● **What the exercise asks**
Word for word, restate the lines from the top of the records below through the line with "- la création", both included, with no pictures in the result.

** Opening Records to use block **

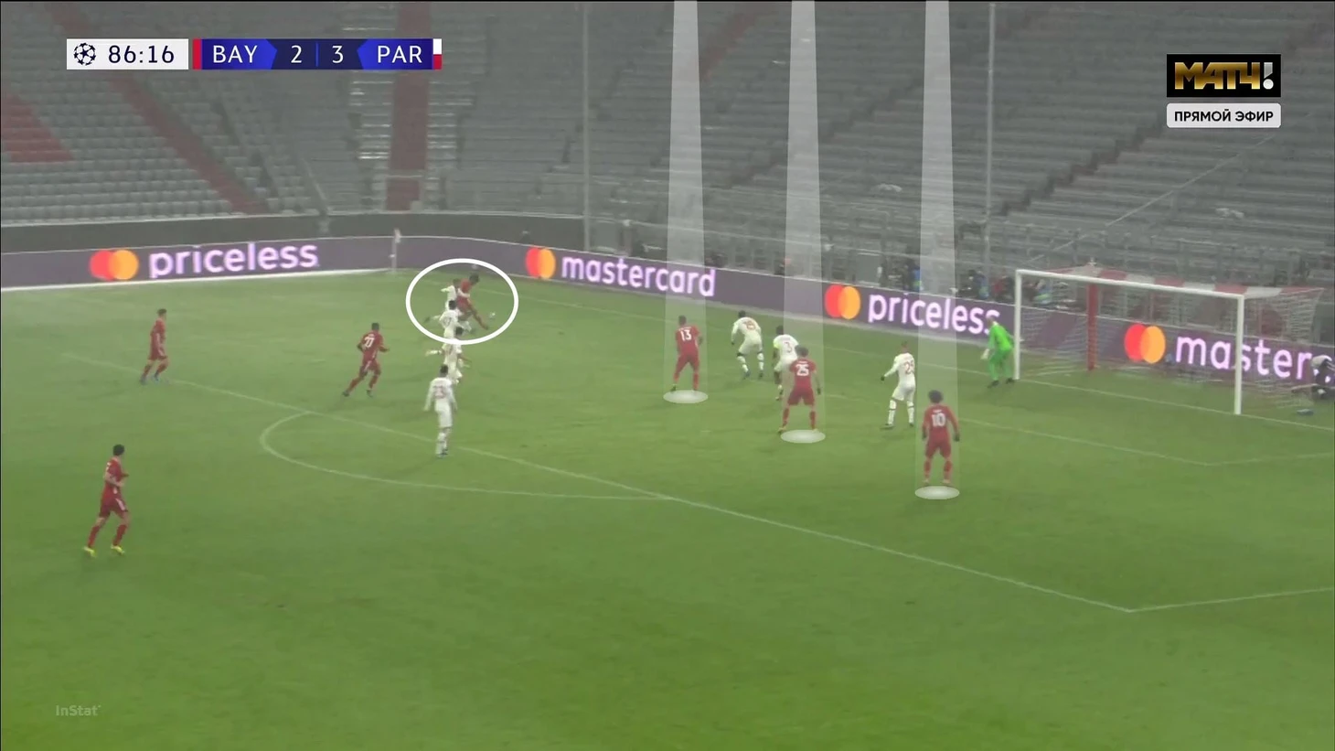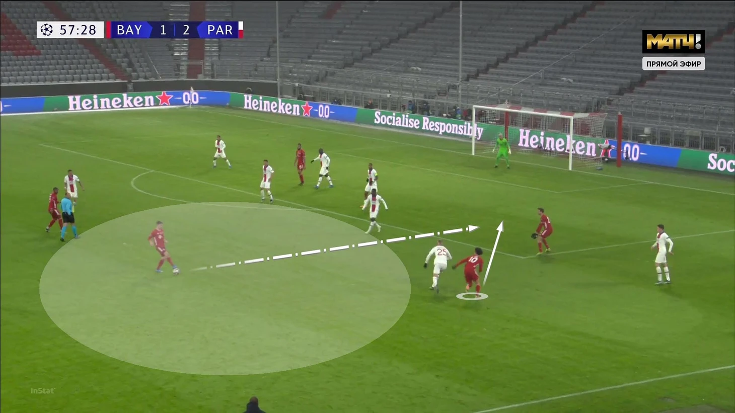 Две ключевые детали – умение Киммиха быстро направлять атаки (в миллионный раз повторяюсь, но это правда дико важно) и особенно фанатичное насыщение штрафной. В этом примере резкий рывок в штрафную сделал правый защитник Павар:
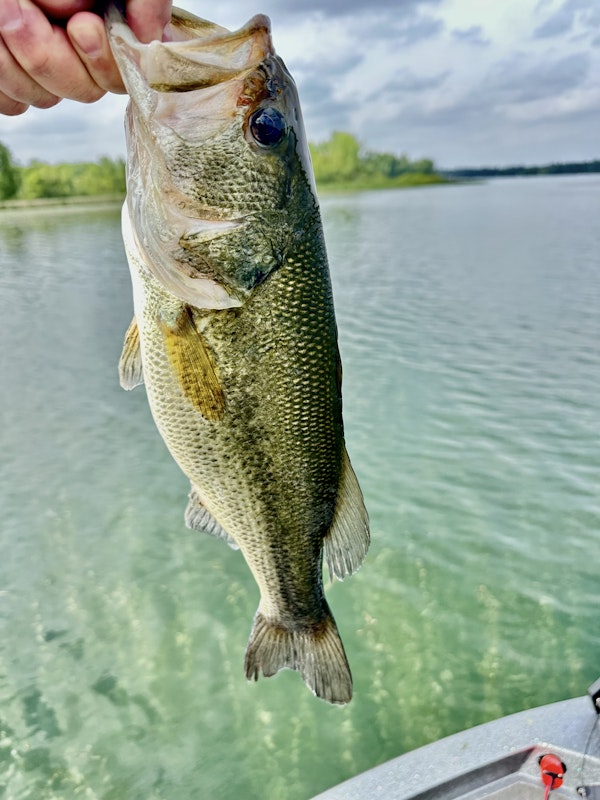 Largemouth BassTechniqueBladed JigsSeasonSpring (Post-Spawn)StructurePointsLots of bass cruising the shallow grass in the NW corner, good quality fish, but the bite’s been slow. Picked this one off with a Jackhammer, casting right to the edge of the cattails in less than a foot of water.
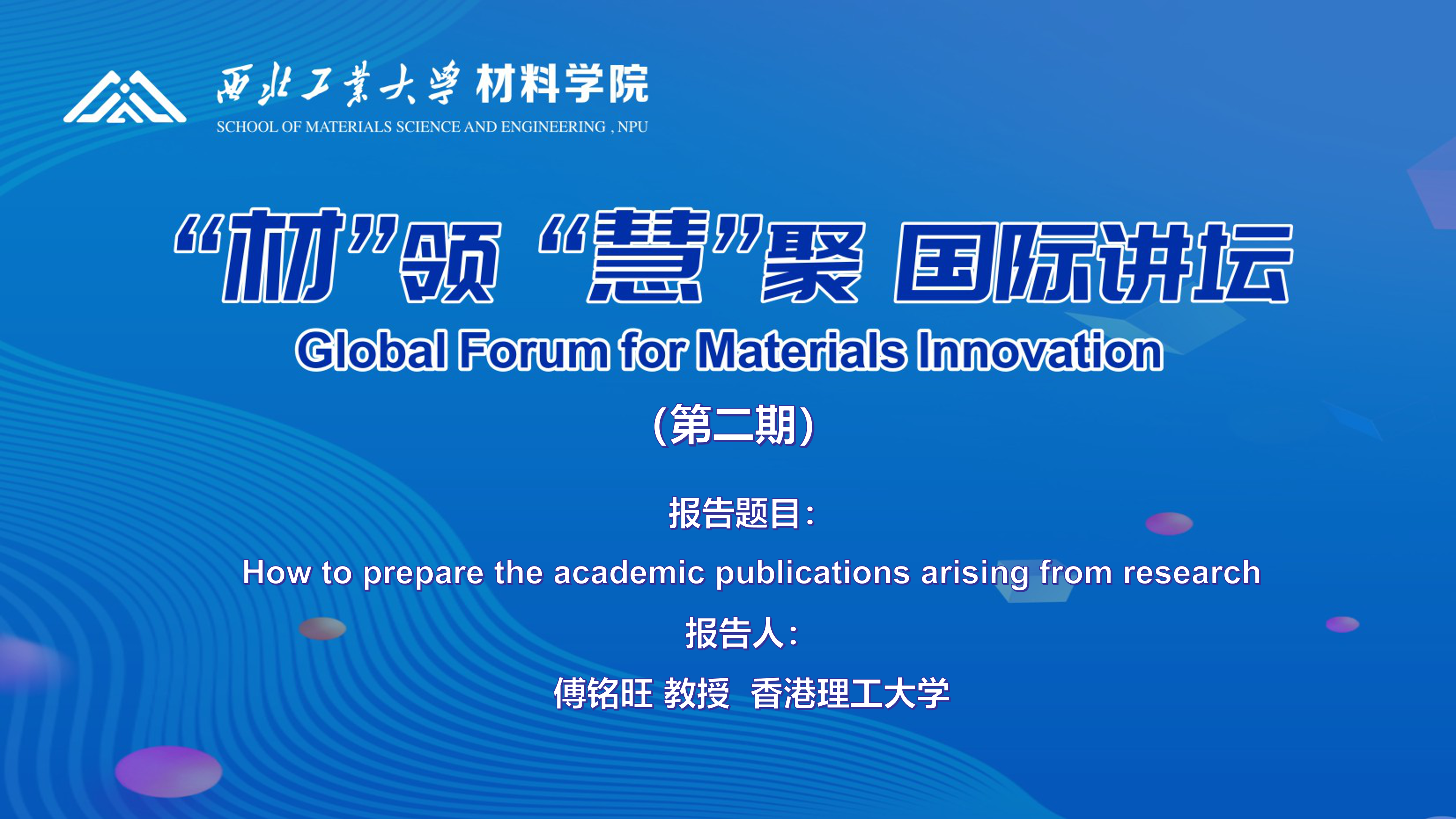 9月27日早上10:30,第二期“材”领“慧”聚国际讲坛在公字楼328会议室举办。本期讲坛特邀香港理工大学傅铭旺教授开展题为How to Prepare the Academic Publications Arising from Research的报告。
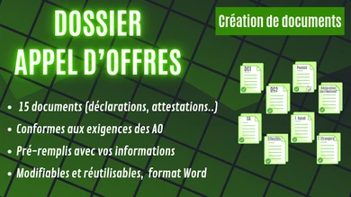 - la création des documents administratifs pour la réponse au appels d'offre avec vos informations d'entreprise - 158,29 $US
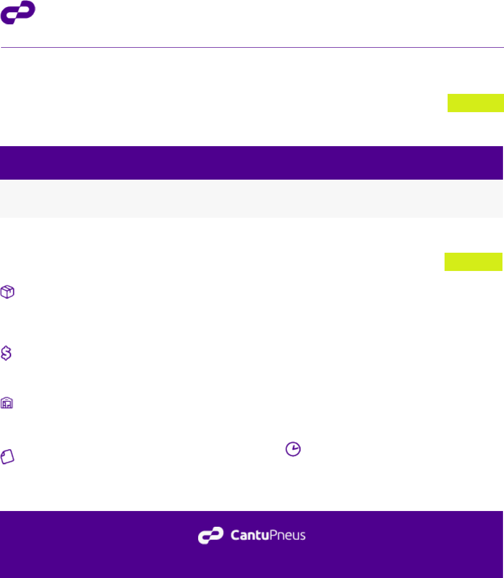 PROPOSTA COMERCIAL 46.258.675 ANGELA DA SILVARAZÃO SOCIAL: 46.258.675/0001-36CNPJ/CPF: R INSPETOR FRANCISCO VECHANI, 703 - ESPINHEIROS - 88317-190 - ITAJAI/SC ENDERECO: ANGELA DA SILVA NOME DO CONTATO: +55 (47) 99602-0312 TELEFONE: ANGELADASILVA2203@GMAIL.COM EMAIL: Nº; DA PROPOSTA 2141018.24 Descrição Quantidade Preço unitário Preço Total PNEU 295/80R22.5 152/148M EXTRAMAX S SPEEDMAX PRIME 18 LONAS - RODOVIÁRIO/DIRECIONAL 4,00 1.767,00 7.068,00 Produto(s) sujeito(s) à disponibilidade de estoque Valor do(s) Produto(s) R$ 7.068,00 Valor Total R$ 7.068,00 Frete Modalidade: CIF Transportadora: CP COMERCIAL S/A Pagamento Condição: PAGAMENTO DIA 10 EM 6X - Inicio 10/06 Filial de Faturamento 10.158.356/0001-01 - CPX SC Ordem de compra Condição: Validade Data da proposta: 27/03/2024 Válido até: 05/04/2024 www.cantupneus.com.br
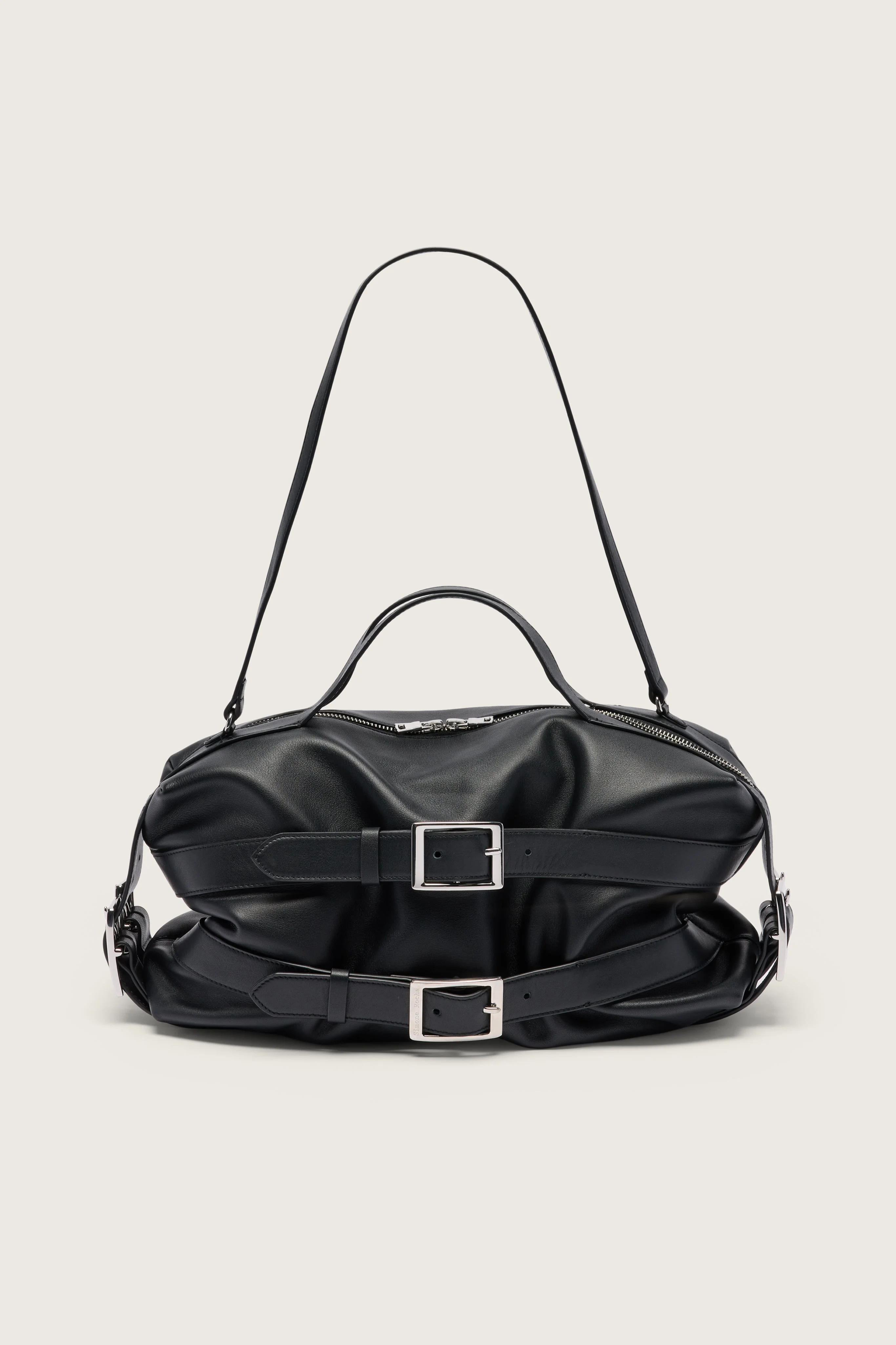 This new duffle bag shape is gathered by two horizontal belt straps at the front that wrap around to give it a relaxed appearance. It features a top handle as well as a longer strap to wear over the shoulder. Product Details Calf leather bag - Belt buckle detail at front and side - Zip closure - Contrasting lining - Silver-tone hardware - Dimensions: 38cm x 12cm x 21cm (Excluding strap) Composition: Outer: 100% Leather Lining: 100% Cotton SKU: BAG203 0809 BLACK

** Closing Records to use block **

● **Answer space**
 Две ключевые детали – умение Киммиха быстро направлять атаки (в миллионный раз повторяюсь, но это правда дико важно) и особенно фанатичное насыщение штрафной. В этом примере резкий рывок в штрафную сделал правый защитник Павар:
 Largemouth BassTechniqueBladed JigsSeasonSpring (Post-Spawn)StructurePointsLots of bass cruising the shallow grass in the NW corner, good quality fish, but the bite’s been slow. Picked this one off with a Jackhammer, casting right to the edge of the cattails in less than a foot of water.
 9月27日早上10:30,第二期“材”领“慧”聚国际讲坛在公字楼328会议室举办。本期讲坛特邀香港理工大学傅铭旺教授开展题为How to Prepare the Academic Publications Arising from Research的报告。
 - la création des documents administratifs pour la réponse au appels d'offre avec vos informations d'entreprise - 158,29 $US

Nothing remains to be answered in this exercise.